En tout cas la situation idyllique qu’il dépeint tranche avec celle vécue par les Kédovins confrontés à une dégradation manifeste de leur environnement, comme en témoigne le cratère de 400 mètres de profondeur creusé par Mdl, qui « deviendra un espace inutilisable et dangereux », aux coupes non réglementées d’arbres, à l’apparition de nouveaux cas de maladies pulmonaires à cause de la poussière, à l’impossibilité de faire de l’élevage autour des entreprises, à la chute drastique de la production fruitière. Non moins inquiétant, est la dégradation des terres agricoles sur un rayon de deux kilomètres des entreprises et le délaissement de l’agriculture alors que la région de Kédougou est située dans la zone climatique la plus pluvieuse du pays et la zone agropédologique la plus fertile. Pis, les études d’impact faites par Mdl ne l’ont été qu’après le démarrage de l’exploitation et par ses propres experts.
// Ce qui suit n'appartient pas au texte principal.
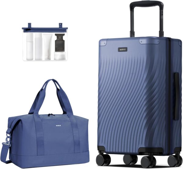ECOHUB Leicht Handgepäck Koffer Trolley, 20“ Recyceln PC Hartschalenkoffer, 55x40x23cm Erweiterbar Reisekoffer mit 4 Rollen & TSA Schloss, 2 Teilig Rollkoffer mit 30L Handgepäck Tashe, Luggage(Blau)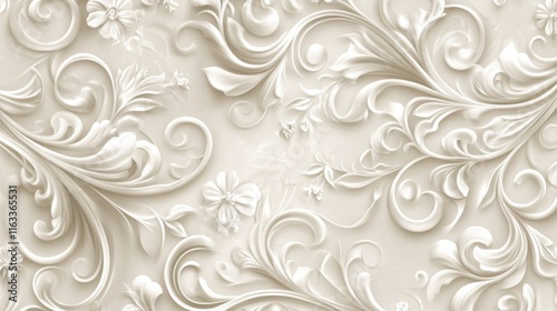 A graceful cream design featuring flowing swirls and ornate floral accents seamlessly arranged for elegance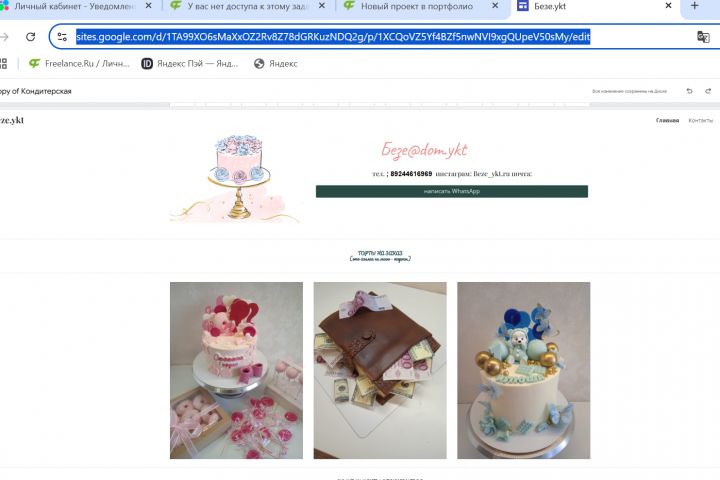 Сайт для рекламы изготовляемых тортов. Данные - стоимость и т.д не указаны. В портфолио шаблон.

S’adressant au président de la République lors de l’ouverture officielle de la mine d’or de Sabodala, le représentant de Mdl lançait : « je suis convaincu que Mdl et ses employés, le gouvernement comme la nation sont fiers de cette réalisation ». Une fierté sûrement pour les trois premières catégories mais pour la Nation maintenue dans un flou total et habitée par les frustrations et les interrogations sur les retombées, c’est peu sûr. L’espoir et l’enthousiasme nés de l’exploitation de l’or dans la zone aurifère de Kédougou sont de ce fait retombés comme la poussière soulevée par les engins géants et bruyants des multinationales emmurées dans un mutisme profond sur leur découvertes. Silence qu’elles ne briseront pour tout l’or du monde.